== Input data
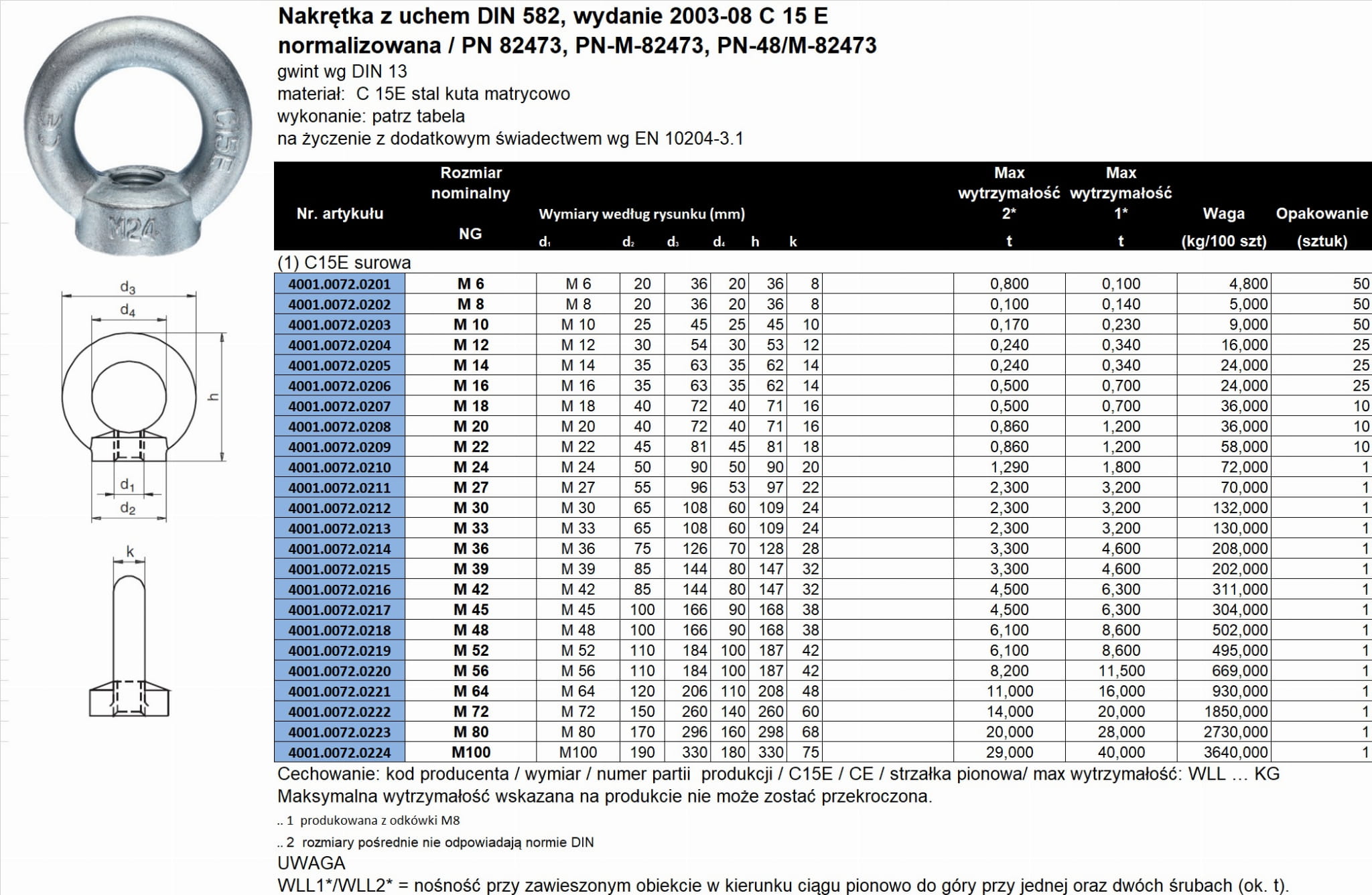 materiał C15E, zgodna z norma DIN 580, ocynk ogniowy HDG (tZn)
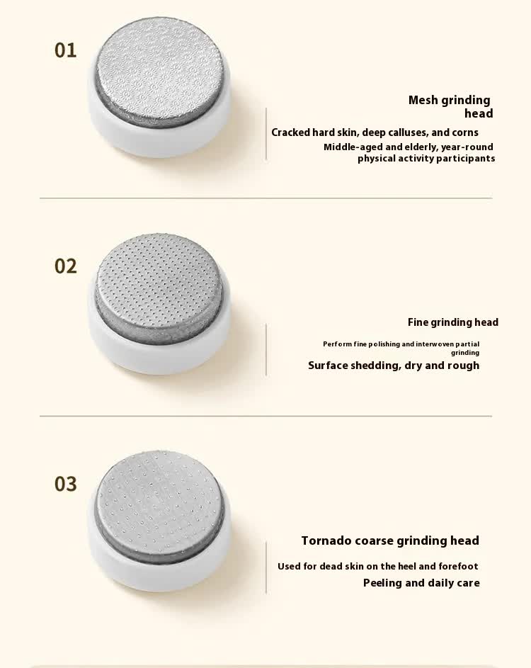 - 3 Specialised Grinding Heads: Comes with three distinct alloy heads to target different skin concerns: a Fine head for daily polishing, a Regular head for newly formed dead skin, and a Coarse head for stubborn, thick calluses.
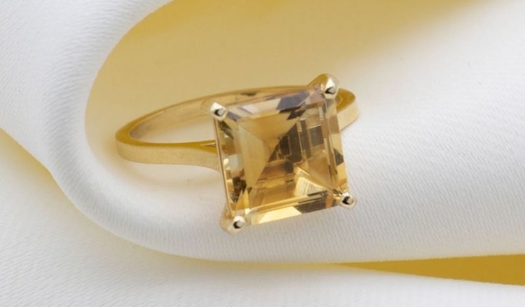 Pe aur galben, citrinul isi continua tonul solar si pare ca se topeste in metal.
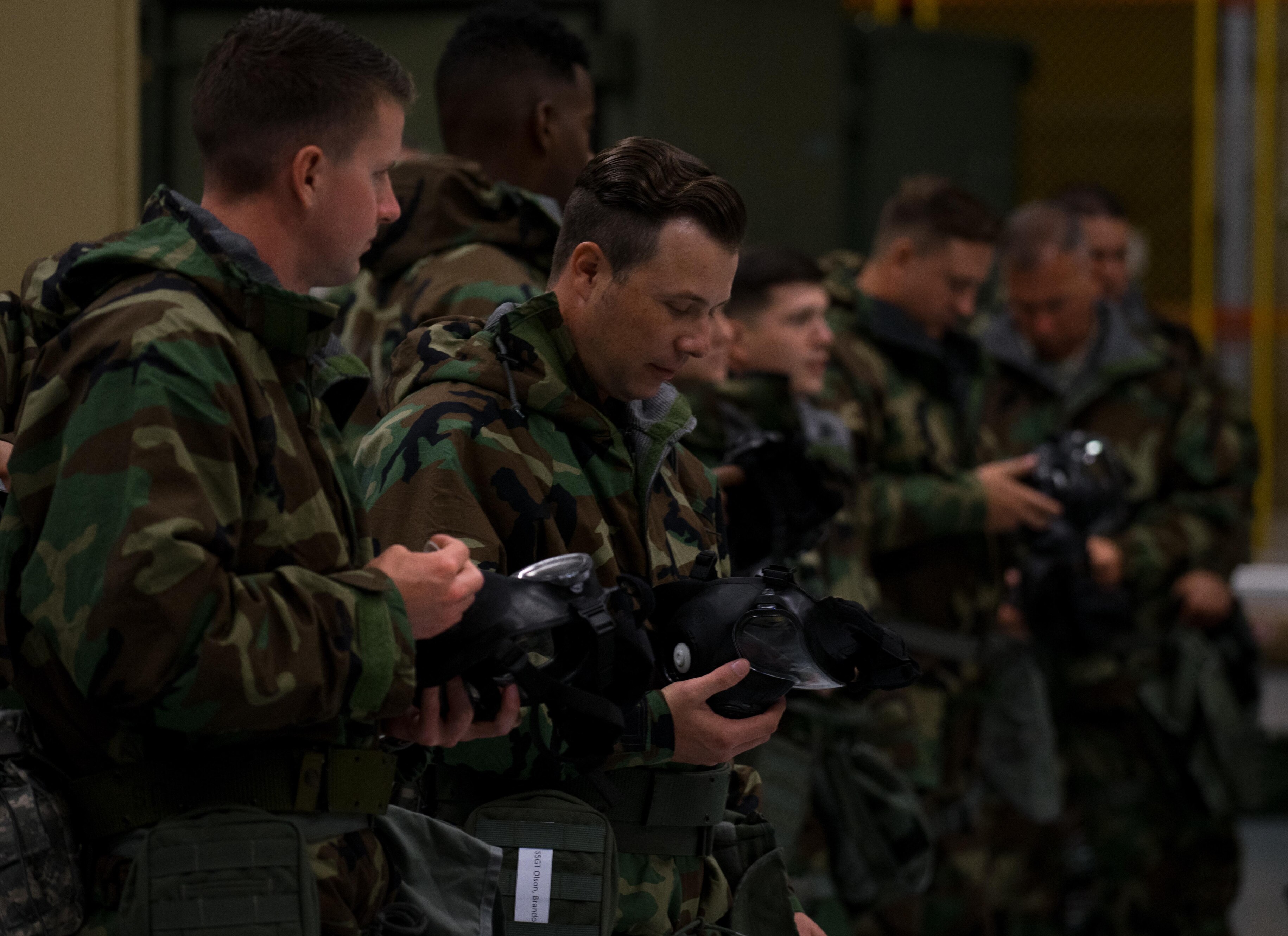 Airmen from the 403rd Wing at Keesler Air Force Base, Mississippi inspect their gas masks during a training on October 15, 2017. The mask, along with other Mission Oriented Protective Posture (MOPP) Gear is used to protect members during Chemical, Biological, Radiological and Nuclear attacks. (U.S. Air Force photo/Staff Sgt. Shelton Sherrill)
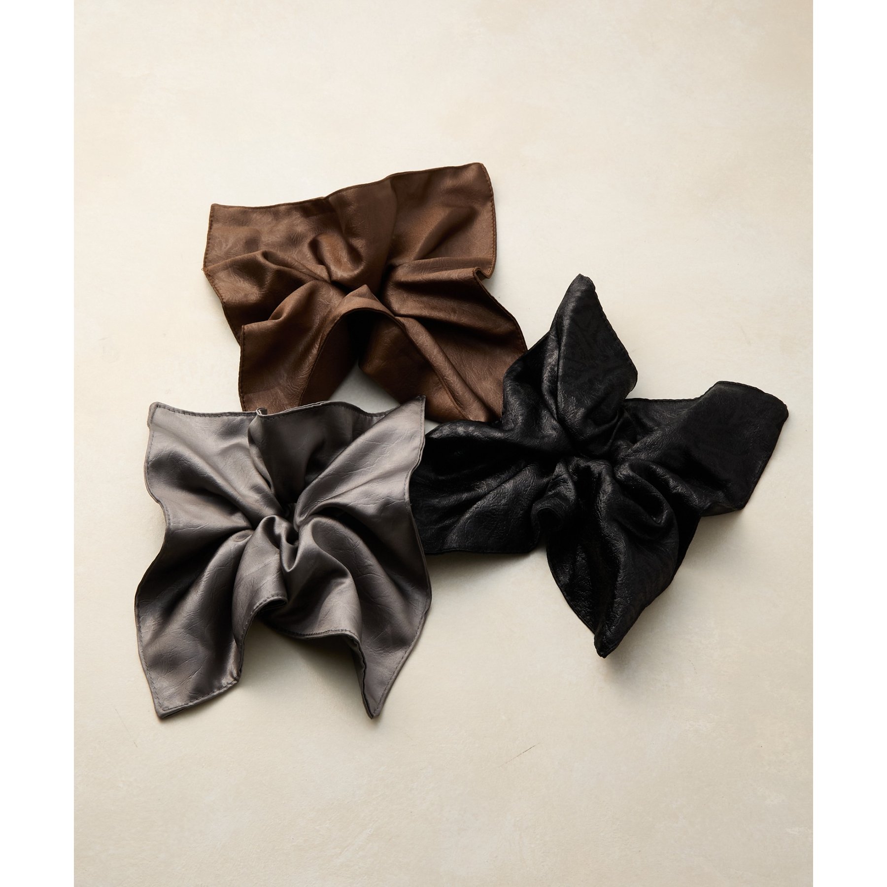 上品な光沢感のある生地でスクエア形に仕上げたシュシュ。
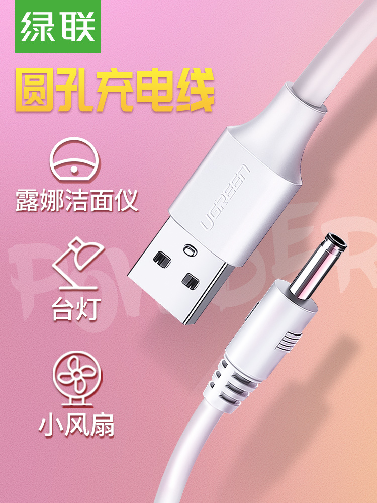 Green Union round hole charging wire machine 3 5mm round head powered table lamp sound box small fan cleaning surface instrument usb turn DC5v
====
** Task **
Your answer should consist solely of the lines from the one holding "- 3 Specialised" through the end of the listing, reproduced exactly and without pictures.

** Exercise response **
 - 3 Specialised Grinding Heads: Comes with three distinct alloy heads to target different skin concerns: a Fine head for daily polishing, a Regular head for newly formed dead skin, and a Coarse head for stubborn, thick calluses.
 Pe aur galben, citrinul isi continua tonul solar si pare ca se topeste in metal.
 Airmen from the 403rd Wing at Keesler Air Force Base, Mississippi inspect their gas masks during a training on October 15, 2017. The mask, along with other Mission Oriented Protective Posture (MOPP) Gear is used to protect members during Chemical, Biological, Radiological and Nuclear attacks. (U.S. Air Force photo/Staff Sgt. Shelton Sherrill)
 上品な光沢感のある生地でスクエア形に仕上げたシュシュ。
 Green Union round hole charging wire machine 3 5mm round head powered table lamp sound box small fan cleaning surface instrument usb turn DC5v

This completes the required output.